Records for processing
= = = = = = =

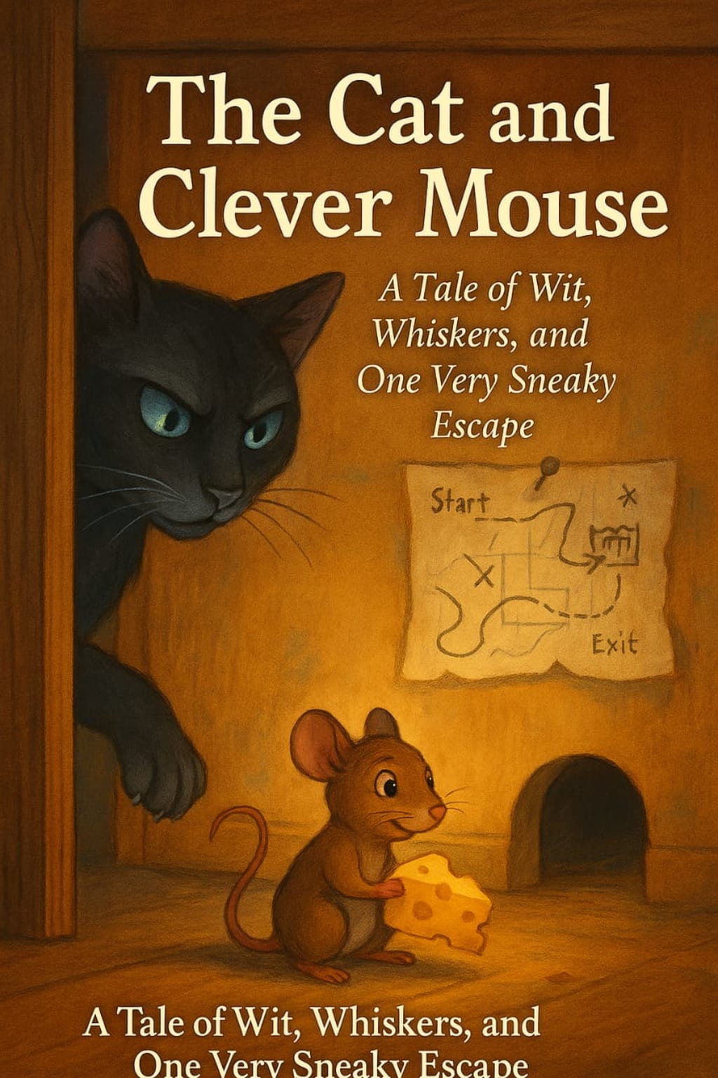 In a quiet little village nestled between green hills and blooming meadows stood an old, creaky farmhouse. Its wooden shutters rattled in the breeze, and its chimney puffed out little clouds of smoke during winter. This was no ordinary house—it was home to many secrets, many tales. But none quite as thrilling as the clever rivalry between a proud black cat named Whiskers and a witty little mouse named Nibbles.
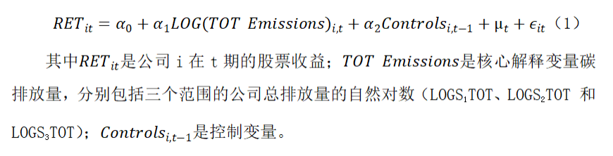 碳溢價(jià)的一個(gè)可能解釋是機(jī)構(gòu)投資者實(shí)施可持續(xù)政策而對高碳排放股票進(jìn)行撤資和排除性篩選,導(dǎo)致投資組合的多元化不足?;貧w模型為:
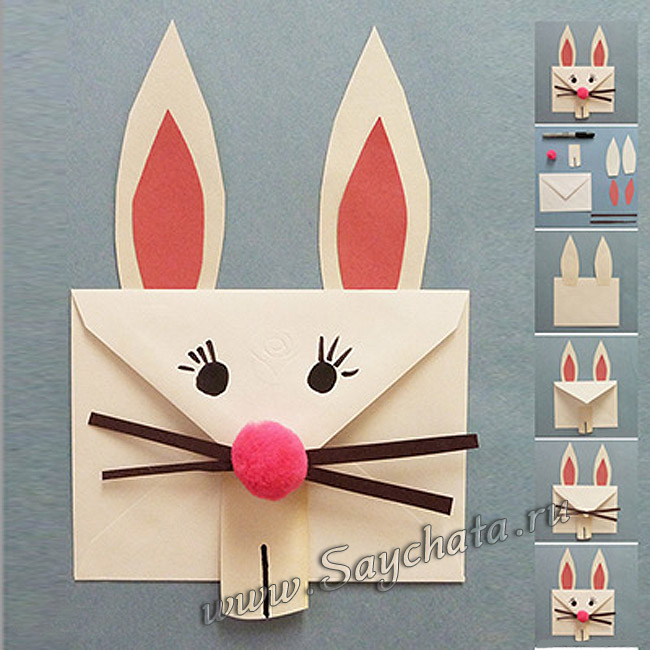 - Переверните конверт и приклейте «зубы», а так же «усики» зайчика.
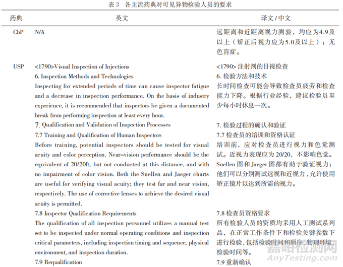 ChP中規(guī)定了檢查人員應(yīng)符合的視力條件:遠距離和近距離視力測驗,均應(yīng)為4.9及以上(矯正后視力應(yīng)為5.0及以上);無色盲癥。USP<790>、BP、EP、IP及JP中均沒有明確檢驗人員的視力要求。USP<1790>中建議檢查人員每小時休息一次;檢驗人員在培訓(xùn)前需要進行視力和顏色感知測試,允許使用矯正鏡片來達到所需視力,檢驗人員應(yīng)至少每年重新獲得一次資質(zhì)。各國藥典對可見異物檢驗人員的要求詳見表3。
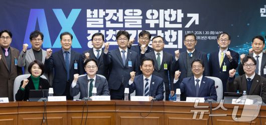 (서울=뉴스1) 이승배 기자 = 정청래 더불어민주당 대표가 20일 서울 여의도 국회에서 열린 AX 발전을 위한 정책간담회에서 김정관 산업통상자원부 장관을 비롯한 주요 참석자들과 기념촬영하고 있다. 2026.1.20/뉴스1photolee@news1.krCopyright ⓒ 뉴스1. All rights reserved. 무단 전재 및 재배포, AI학습 이용 금지.

= = = = = = =

Needed here is a verbatim copy of the data from the first line through the line with "- Переверните конверт", without pictures.

 In a quiet little village nestled between green hills and blooming meadows stood an old, creaky farmhouse. Its wooden shutters rattled in the breeze, and its chimney puffed out little clouds of smoke during winter. This was no ordinary house—it was home to many secrets, many tales. But none quite as thrilling as the clever rivalry between a proud black cat named Whiskers and a witty little mouse named Nibbles.
 碳溢價(jià)的一個(gè)可能解釋是機(jī)構(gòu)投資者實(shí)施可持續(xù)政策而對高碳排放股票進(jìn)行撤資和排除性篩選,導(dǎo)致投資組合的多元化不足?;貧w模型為:
 - Переверните конверт и приклейте «зубы», а так же «усики» зайчика.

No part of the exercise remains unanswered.